Before one begins to speculate over the special  'star', careful attention to the biblical evidences is important.
 
These
are:
  1. The Magi found Jesus in a Bethlehem "house" and not where the shepherds had found Him (Mat.2:11).
  2. Herod had asked the Magi "secretly" as to when the star appeared (because of his evil motive), on the time of which he then had all boy-children in Bethlehem killed – 
  3. "from two years and under, according to the time which he had ascertained from the magi" (Mat.2:16). (The same ruler that had murdered his own sons on suspicion of treachery less than two years before this).
  4. Immediately after the Magi's visit with their expensive gifts, Joseph is warned by God to flee to Egypt.

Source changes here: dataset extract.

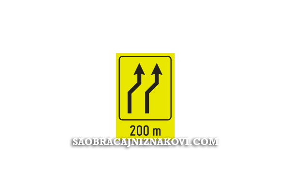 Znak "Skretanje saobraćaja iz jedne kolovozne trake u drugu" označava mjesto, odnosno blizinu mjesta, gdje se vrši skretanje saobraćajnih traka, pri čemu broj saobraćajnih traka ostaje isti. Položaj strelica na znaku mora da odgovara stanju na terenu.

  5. This long journey for a young child and mother through the southern desert was greatly helped by the value of the "gold, frankincense and myrrh" (Matthew 2:11-15).
  6. The Magi's final sighting of the star is ahead of them, over the house where the Child was found and caused them "great joy" (Matthew 2:10); implying that they had not seen it for some time.
 
The
Bible's own description –
 "the star which they had seen in the east, went before them, until it came and stood over where the Child was" 
– probably indicates a supernatural phenomenon that had led these God-fearing eastern star-gazers.
Matthew 2:9.
But
if we assume that these Magi saw a natural phenomenon in the night sky one must look to something that fits the time-lapse between the first sighting of the star by the Magi in their home country and their last sighting of it on the way to Bethlehem, which is certainly more than a year. 
 
 
Astronomy can give us no definite answer but a probability is a conjunction of planets – most likely then of Jupiter, Venus and Saturn. But, if this is so, then the validity of astrology also becomes an issue.